# Video rückwärts laufen lassen (hab kein premiere)



## Calavera (16. Oktober 2007)

Hi leuts

Ich hoffe jemand kann mir helfen. Ich möchte ein video file so bearbeiten dass es rückwärts läuft. Weiss jemand ob es vielleicht ein kleines Programm (open source, freeware?) gibt mit dem ich das bewerkstelligen könnte? ich hab leider kein gutes Videobearbeitungsprog.

thx im voraus

cal


----------



## Zinken (16. Oktober 2007)

Und wieder einmal kann man nur sagen: Virtual Dub. Ich glaube zwar nicht, daß es dafür eine spezielle Funktion gibt, aber über Einzelbilder geht es auf jeden Fall.
Film als Bildsequenz exportieren (Bmp,Tif,...), Bilder in umgekehrter Reihenfolge benennen (zB. mit XnView) und wieder importieren, als Avi speichern.


----------



## chris_94 (29. Oktober 2007)

> Hab leider keine guten Progs


 ok und welchen Programme hast du?
wenn du Magix Video deLuxe oder sowas hast, dann geht das mit schätzungsweise 5 Klicks, außerdem ist es keine solche Fummelarbeit, wie wenn du es Frame für Frame zusammenfügst...
ansonsten such mal nach ner Demo von Magix, After effects( ok, das is einn bisschen übertrieben, aber damit kannst du auch Audio rückwarts laufen lassen...), Pinnacle etc.
wenn du ein Programm hast, schreib einfach wieder zurück und ich kann dir weiterhelfen...


----------



## Tuefl (31. Oktober 2007)

erm pinnacle

Ich habe Pinnacle Studio 8 und suche auch gerade nach nem Programm mit dem ich das video umkehren kann aber ich wüsste nicht wie man das mit Pinnacle macht aber wie gesagt ich kenn mich nicht sehr gut aus und es kann auch sein das es mit ner neueren Version geht.
Bitte schreiben wenn einer weiß ob es auch mit dieser Version geht (Pinnacle studio 8 ) 

Danke!


----------



## chris_94 (2. November 2007)

Pinnacle Hotline sagt, dass das mit Pinnacle Studio 8 nicht geht, wie gesagt, ich hab Magix Video deluxe, und bin davon recht überzeugt (damit geht es und zwar sehr einfach).
Wenn du mal bei Pearl vorbeischaust(http://www.pearl.de) gibts die neuste deluxe Version für ich glaub 30 euro, kannst ja noch bei ebay nachgucken...
Auf jeden Fall find ich das Programm echt super und bin absolut überzeugt davon...
Also Magix ist auf jeden Fall ne Anschaffung wert...


----------



## Tuefl (3. November 2007)

erm ich habe mir gerade erst die Testversion von Magix runtergeladen doch ich finds einfach nicht wo man das video rückwärts laufen lassen kann...

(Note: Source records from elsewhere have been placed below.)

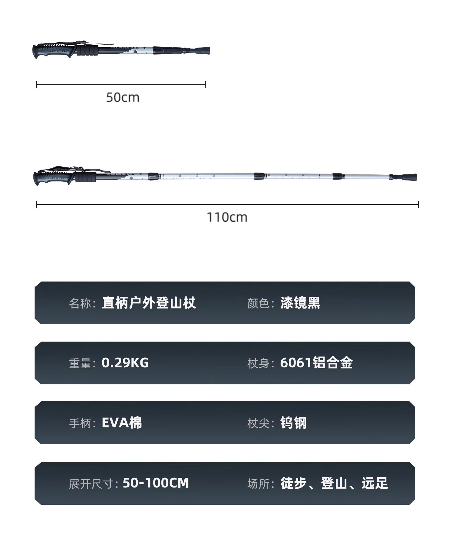 • [보급형 모델] 텔레스코픽 트레킹 폴 - 블랙(6061 알루미늄 합금)
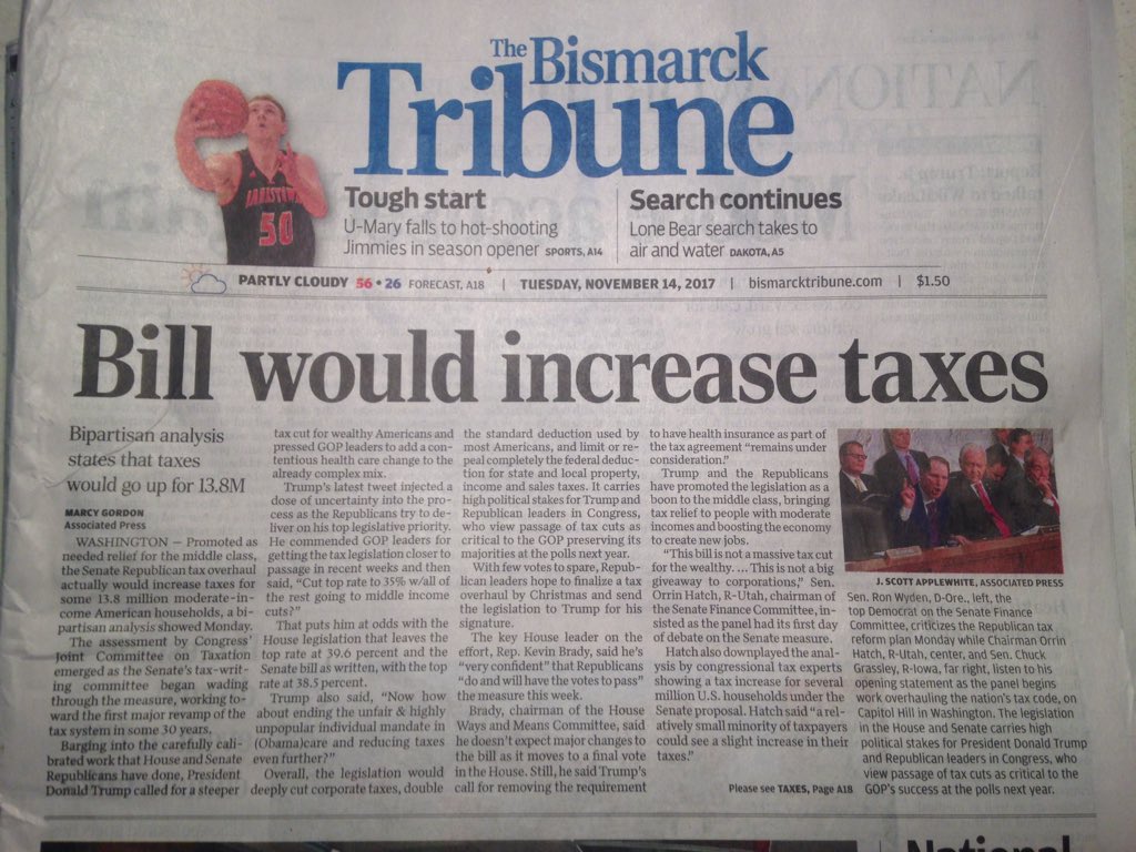 The @AP disagrees. It was in the Bismarck Tribune this week. https://www.apnews.com/70f3855dbe734fdd8a3bb00f8daaa15f/Bipartisan-analysis:-Senate-bill-would-hike-taxes-for-13.8M?utm_campaign=SocialFlow&utm_source=Twitter&utm_medium=AP_Politics … What are your thoughts on #TrumpRussia ?pic.twitter.com/ZD0NiKCVZP
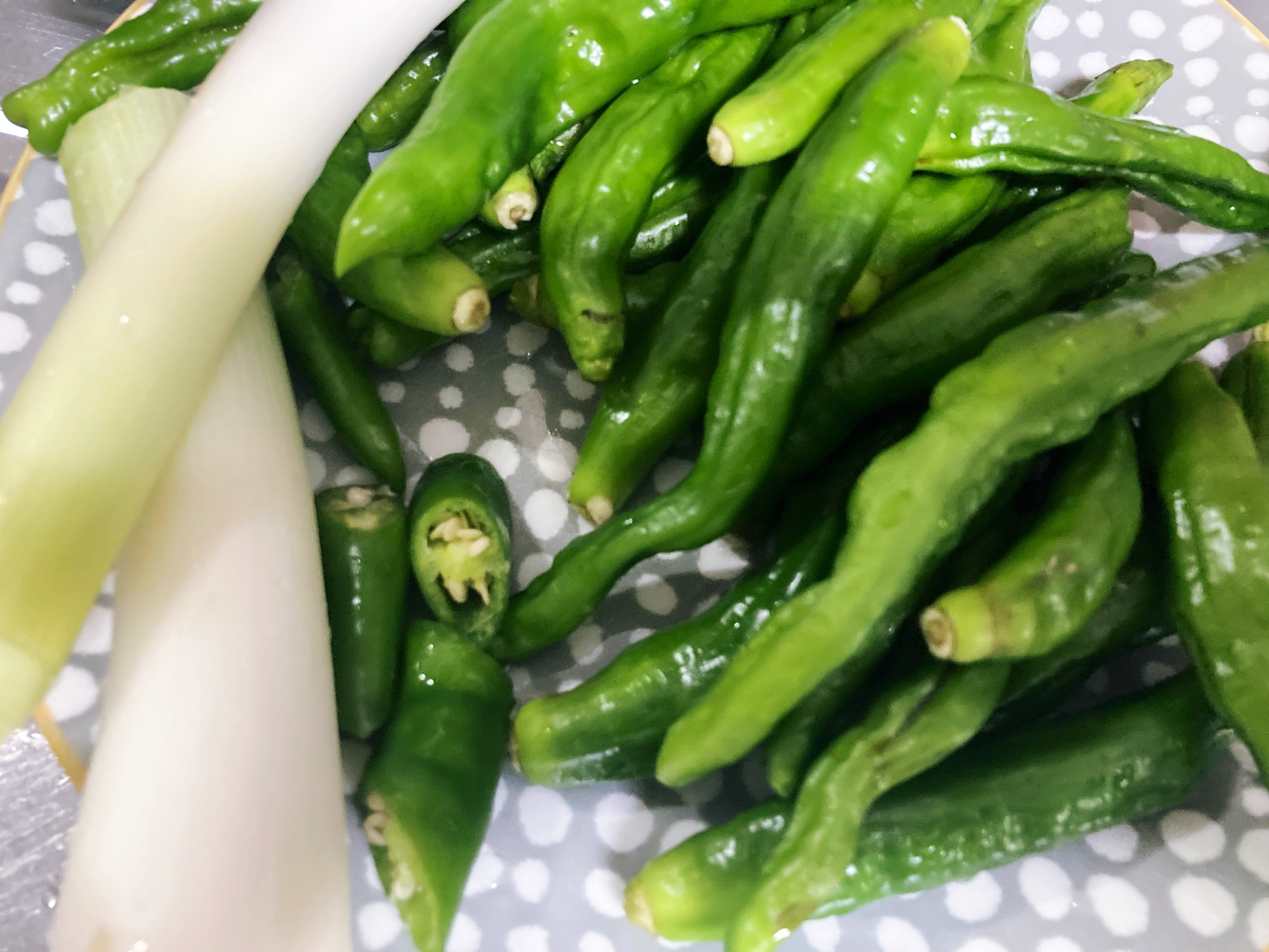 - 꽈리고추 손질: 꽈리고추는 흐르는 물에 깨끗이 씻은 뒤 꼭지를 떼고, 포크나 칼로 2~3군데 구멍을 내어 양념이 잘 배도록 합니다. 전 오늘은 귀찮아서 손질하던 가위 끝으로 푹 푹 늘러서 양념이 잘 베이게 만들었습니다)
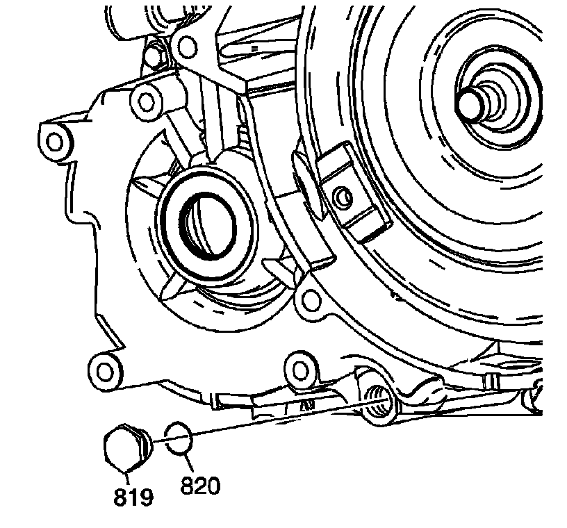 Drain Plug Installation1. Install a new gasket (820) on the drain plug (819).
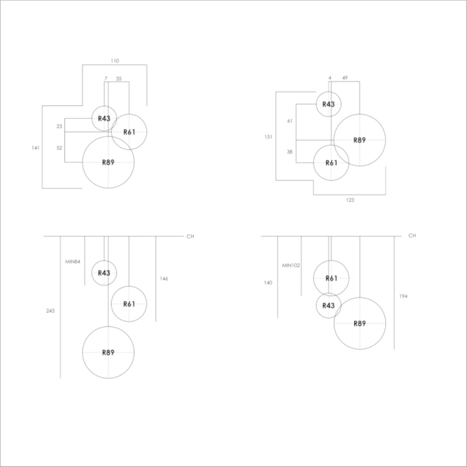 R89、R61、R43を高さ違いで配し、まるで惑星が浮遊するような立体的な光景を創出。
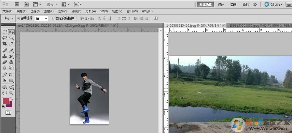 1、在背景圖層中我們無法操作,所以我們先把這兩張圖片合在一起,如圖:
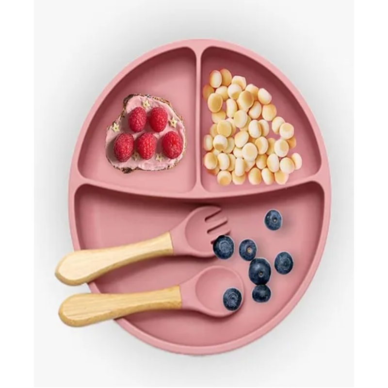 3-in-1 Feeding Set Plate, Spoon & ForkMade of 100% Food-Grade Silicone, BPA-Free & Non-ToxicStrong suction base prevents spills & messesMicrowave, Dishwasher, Oven & Freezer SafeSoft edges encourage safe self-feedingLightweight, durable & easy to cleanChar

kann mir einer ne anleitung sagen wie man das machen kann
wäre sehr nett!


----------



## chris_94 (4. November 2007)

Wenn du Magix hast, dann starte es und importiere deinen Film. Aber eins muss dir klar sein: mit Magix kannst du nur Video, aber kein Audio rückwärts abspielen...
ok zuerst musst du deinen Videostreifen (das ist die Zeile im Editorfenster, wo die Bilder sind) von dem Audiostreifen (der Streifen darunter) trennen. das machst du indem du das ganze mit links einmal anklickst und womit blau markierst. Dann gehst du in der Zeile darüber auf das offene Vorhängeschloss und tataa Video und Audio sind getrennt.
Jetzt rechtklickst du auf dein Video und öffnest im darauf folgenden Menü "Videoeffekte..."
Im darauf erscheinenden Fenster steht auf der linken Seite "Play-Speed" darunter dann ein "Zahlenstrahl" und daneben steht "1.00". Aus "1.00" machst du einfach "-1.00", klickst auf ok und schon spielt dein Video sich rückwärts ab.


----------



## M4EX (4. November 2007)

Zur Not geht´s auch mit  PaintShop Pro ´s Animationshop von  zb. Version 7.
Super Programm für kleines Geld.


----------



## Tuefl (4. November 2007)

danke für die super anleitung
werd mich mal an die arbeit machen =)


----------